Tony Rodd, a participant in the 2015 season of MasterChef, expressed his profound disappointment and sadness as he announced the closure of his restaurant Copper & Ink in Blackheath, London on January 2nd.
On X (formerly known as Twitter), Rodd shared a video in which he predicted the closure of numerous independent restaurants in the coming future. He stated that the hospitality industry is struggling due to the challenges posed by Covid, Brexit, the increasing cost of living, and high energy expenses.
The CEO of HOSPA, Jane Pendlebury, expressed her sadness over the closure of many hospitality establishments in the UK, citing ongoing financial pressures on the industry as the cause.
According to her, the current state of the hospitality industry includes frequent increases in food prices, higher energy expenses, and difficulties in finding enough employees. These factors are causing many business owners to permanently shut down. The ongoing cost of living crisis in the UK exacerbates these challenges, making it harder for businesses to stay afloat and affecting consumer spending habits. Another issue is the negative effects of no-shows on reservations, which poses a significant obstacle for hospitality businesses.
According to a study conducted by the Liberal Democrats and reported by the House of Commons Library in December, nearly 5,000 additional hospitality and retail establishments closed down compared to the number that opened in the first nine months of the year.
Sarah Olney, the party’s spokesperson for Business and Treasury, cautioned that lively high streets in the UK are now becoming abandoned and desolate.
According to The Independent, she stated that numerous pubs, restaurants, and cafes are shutting down permanently because of exorbitant energy expenses, borrowing fees, and insufficient staff.
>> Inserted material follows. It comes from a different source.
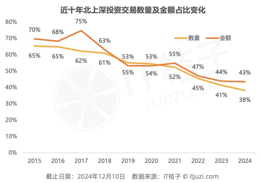 上图展示了北上深三座城市的投资交易在当年的占比。

As a result, our bustling streets are becoming deserted as the Conservative Government neglects to address their worries.
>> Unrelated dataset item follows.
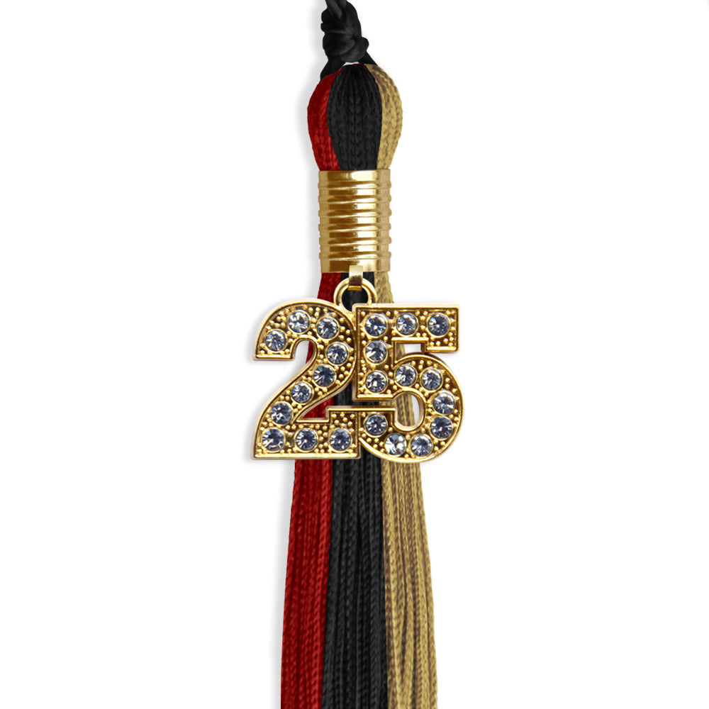 Black/Red/Antique Gold Graduation Tassel with Gold Date Drop

Instead of taking the chance of more hospitality establishments shutting down, government officials should provide support to small businesses by revising business rates, tackling shortages in skilled workers, and simplifying procedures and paperwork for international trade.
Kerridge expressed disapproval of the government’s focus on ineffective initiatives and misallocation of funds towards frivolous projects. He highlighted the detrimental impact on industries such as hospitality, which are struggling and falling behind. He urged the government to decrease the current 20% VAT rate by 10%, emphasizing the significant positive impact it would have on businesses, potentially saving them from closure. This reduction would alleviate some of the financial burden faced by businesses.
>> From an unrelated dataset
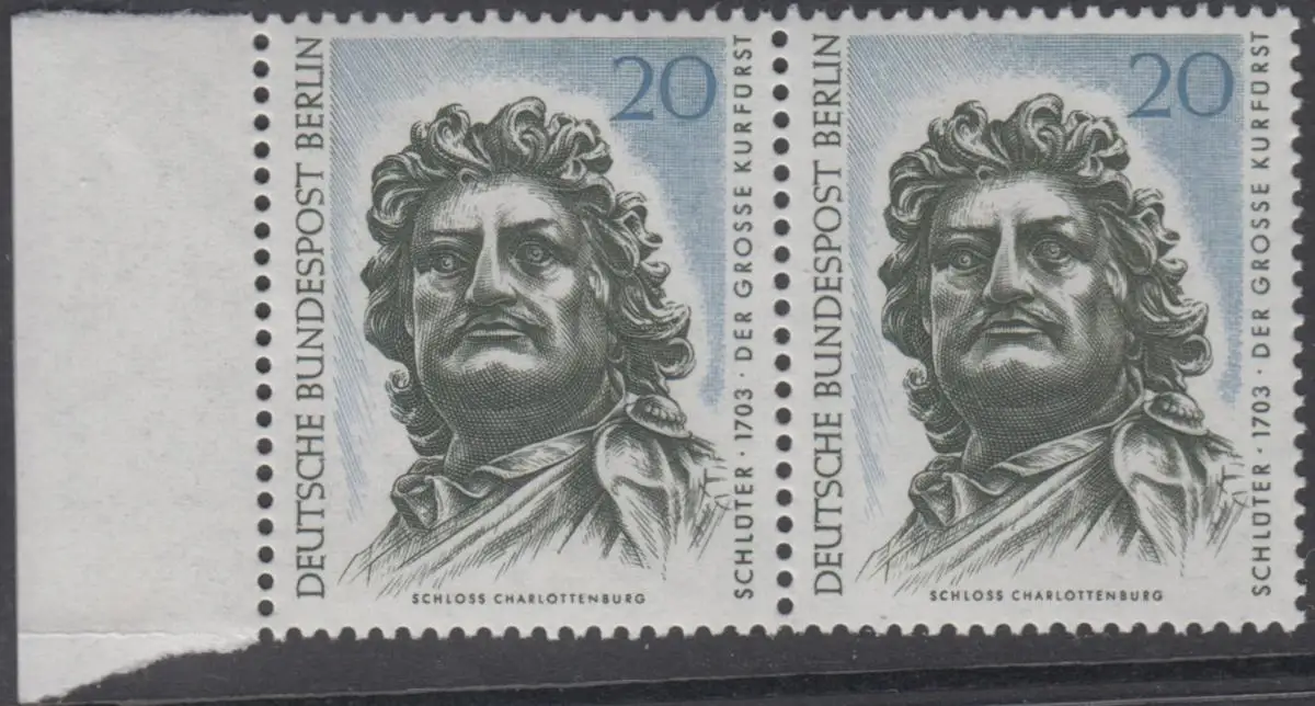 BERLIN 1967 Michel-Nummer 304 postfrisch horiz.PAAR RAND links - Berliner Kunstschätze: Der Große Kurfürst, Kopf des Reiterstandbildes

Pendlebury expressed that HOSPA is in favor of UKHospitality’s plea for a reduction in VAT to assist the industry in maintaining affordable prices and recovering. She encouraged the government to prolong the relief from business rates, which could prevent a potential 7% rise in bills in March. Additionally, she recommended that business owners make the most of technology to streamline processes and increase efficiency.
McTague is urging the government to consider overall employment expenses and support small businesses through measures such as increasing the Employment Allowance and raising the VAT threshold to £100,000.
A representative from the government stated that during the Autumn Statement, the Chancellor revealed plans to provide over £4 billion in aid to small businesses and the hospitality industry. This includes a 75 percent reduction in business rates and a freeze on alcohol duty rates.
“We released the UK’s initial Hospitality Strategy in 2021 to enhance the durability of the industry and formed a Hospitality Sector Council to supervise its implementation. We are collaborating closely with the sector to address its obstacles, and we will persist in supporting its growth and success within their respective communities.”
They also stated that the multiplier for small businesses will remain at 49.9p for the fourth year in a row.